# TASK TO COMPLETE:
Exclude any images and output the remaining records exactly.

# INPUT DATA:
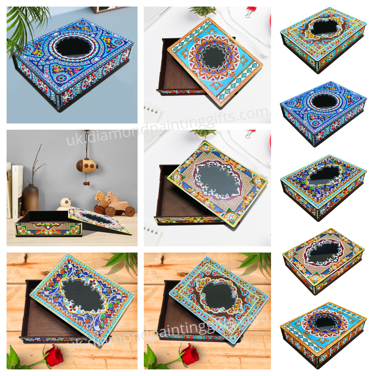 - This jewelry box will not conflict with your home or office decoration, the display effect is exquisite, the small acrylic mirror inlaid in the middle of the box and the diamond mandala pattern complement each other for a classic beauty
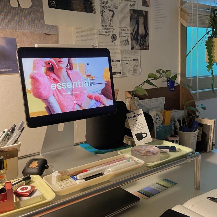 데스크 위 모듈 모니터 선반은 활용하기 좋은데 아이템 중 하나입니다. 아이패드 거치대를 올려놓거나 노트북을 올려놓고 사용할 때면 작은 트레이들을 선반 아래 정리해서 깔끔하게 사용할 수 있습니다. 모니터 선반은 공간을 활용할 수 있는 아이템이라 아주 만족하며 사용하고 있어요.
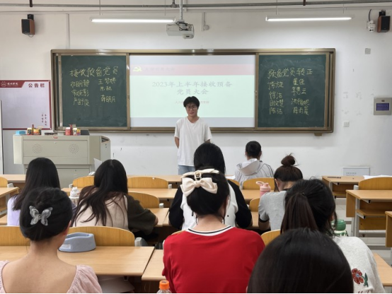 会议严格按照接收预备党员的程序进行。首先由巩艳艳发表讲话,并向与会同志们宣读了本次会议主题、会议流程以及本次会议接收预备党员的人员名单,随后,薛明月等6位入党积极分子依次上台发言,她们从思想、学习、生活、工作四个方面汇报了自己近期的个人情况,并表示会在今后的学习工作中,坚定目标、更加严格要求自己,努力改正现有的不足。接着,由入党介绍人王思惠、周雯等同志发表讲话,充分肯定了薛明月等6位同志在考察期内的优秀表现,政治立场的坚定,党性觉悟的提高,并认为薛明月等6位同志已具备成为预备党员资格。随后,经与会党员的讨论和正式党员的无记名投票表决,一致同意接收薛明月等6位同志为预备党员。会议最后,巩艳艳进行总结,她在对这6名预备党员给予肯定和表示祝贺的同时,还强调各位学生党员在以后的学习生活中能够不忘初心,牢记党史,砥砺前行。
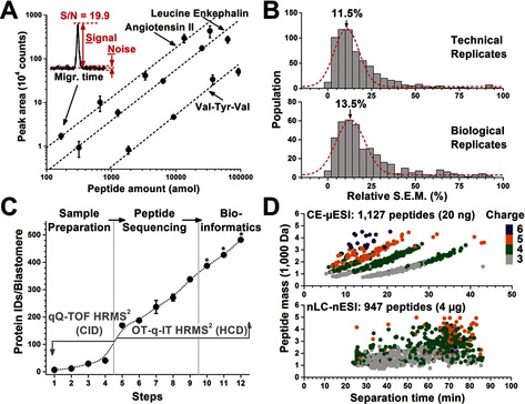 Figure 2. Advancing bottom‐up discovery proteomics to single cells using CE‐μESI‐HRMS. A) Quantification curves for model peptides with 25‐amol lower limit of detection and at least a 3‐log‐order linear dynamic range. B) Evaluation of technical and biological repeatability across a week of measurements. C) Proteomic coverage was enhanced using 20 ng digest by refining sample preparation‐separation (Steps 1–4), peptide sequencing (Steps 5–9), and data analysis (Steps 10–12). Experimental conditions are in Table S2. D) Comparing peptide identifications by CE‐μESI‐HRMS with nanoLC‐nanoESI‐HRMS, the closest neighbor of bottom‐up proteomic technology.
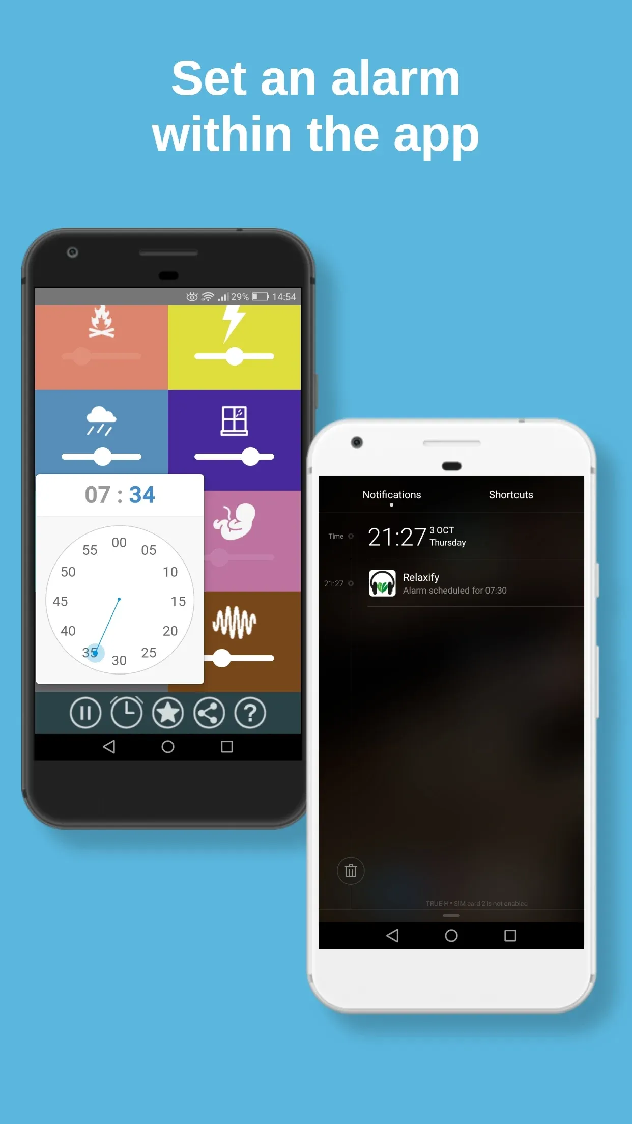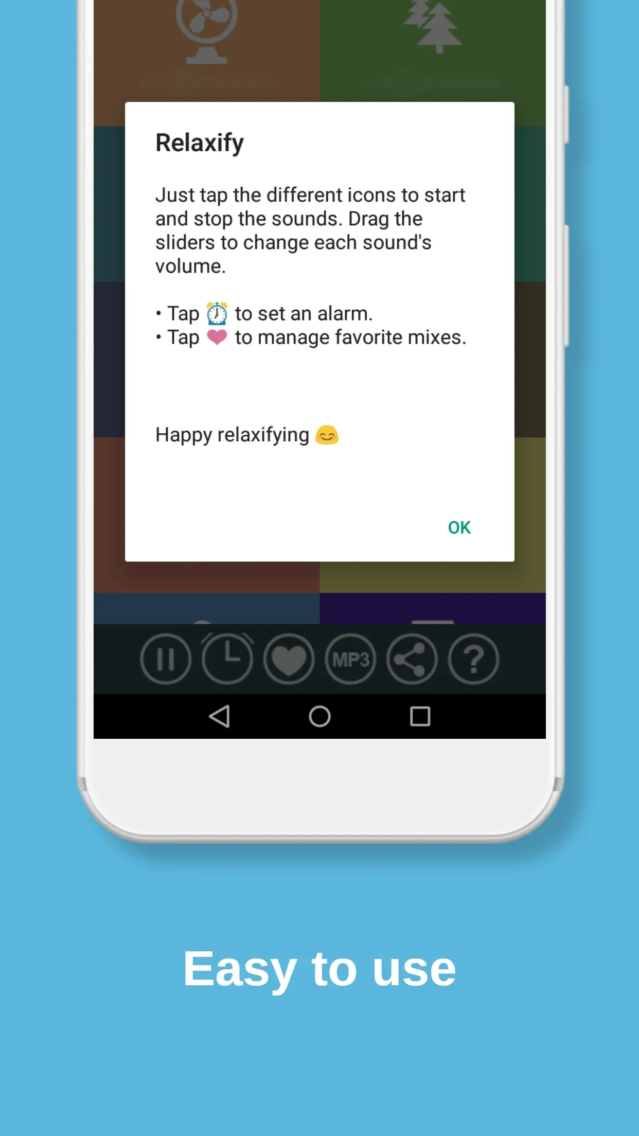 The sounds all have different lengths, so mixing them means no repeating loops! Relaxify has a built-in alarm and you can even load an MP3 track to loop in the background – perfect for mixing music with rain sounds!

# ANSWER SPACE:
 - This jewelry box will not conflict with your home or office decoration, the display effect is exquisite, the small acrylic mirror inlaid in the middle of the box and the diamond mandala pattern complement each other for a classic beauty
 데스크 위 모듈 모니터 선반은 활용하기 좋은데 아이템 중 하나입니다. 아이패드 거치대를 올려놓거나 노트북을 올려놓고 사용할 때면 작은 트레이들을 선반 아래 정리해서 깔끔하게 사용할 수 있습니다. 모니터 선반은 공간을 활용할 수 있는 아이템이라 아주 만족하며 사용하고 있어요.
 会议严格按照接收预备党员的程序进行。首先由巩艳艳发表讲话,并向与会同志们宣读了本次会议主题、会议流程以及本次会议接收预备党员的人员名单,随后,薛明月等6位入党积极分子依次上台发言,她们从思想、学习、生活、工作四个方面汇报了自己近期的个人情况,并表示会在今后的学习工作中,坚定目标、更加严格要求自己,努力改正现有的不足。接着,由入党介绍人王思惠、周雯等同志发表讲话,充分肯定了薛明月等6位同志在考察期内的优秀表现,政治立场的坚定,党性觉悟的提高,并认为薛明月等6位同志已具备成为预备党员资格。随后,经与会党员的讨论和正式党员的无记名投票表决,一致同意接收薛明月等6位同志为预备党员。会议最后,巩艳艳进行总结,她在对这6名预备党员给予肯定和表示祝贺的同时,还强调各位学生党员在以后的学习生活中能够不忘初心,牢记党史,砥砺前行。
 Figure 2. Advancing bottom‐up discovery proteomics to single cells using CE‐μESI‐HRMS. A) Quantification curves for model peptides with 25‐amol lower limit of detection and at least a 3‐log‐order linear dynamic range. B) Evaluation of technical and biological repeatability across a week of measurements. C) Proteomic coverage was enhanced using 20 ng digest by refining sample preparation‐separation (Steps 1–4), peptide sequencing (Steps 5–9), and data analysis (Steps 10–12). Experimental conditions are in Table S2. D) Comparing peptide identifications by CE‐μESI‐HRMS with nanoLC‐nanoESI‐HRMS, the closest neighbor of bottom‐up proteomic technology.
 The sounds all have different lengths, so mixing them means no repeating loops! Relaxify has a built-in alarm and you can even load an MP3 track to loop in the background – perfect for mixing music with rain sounds!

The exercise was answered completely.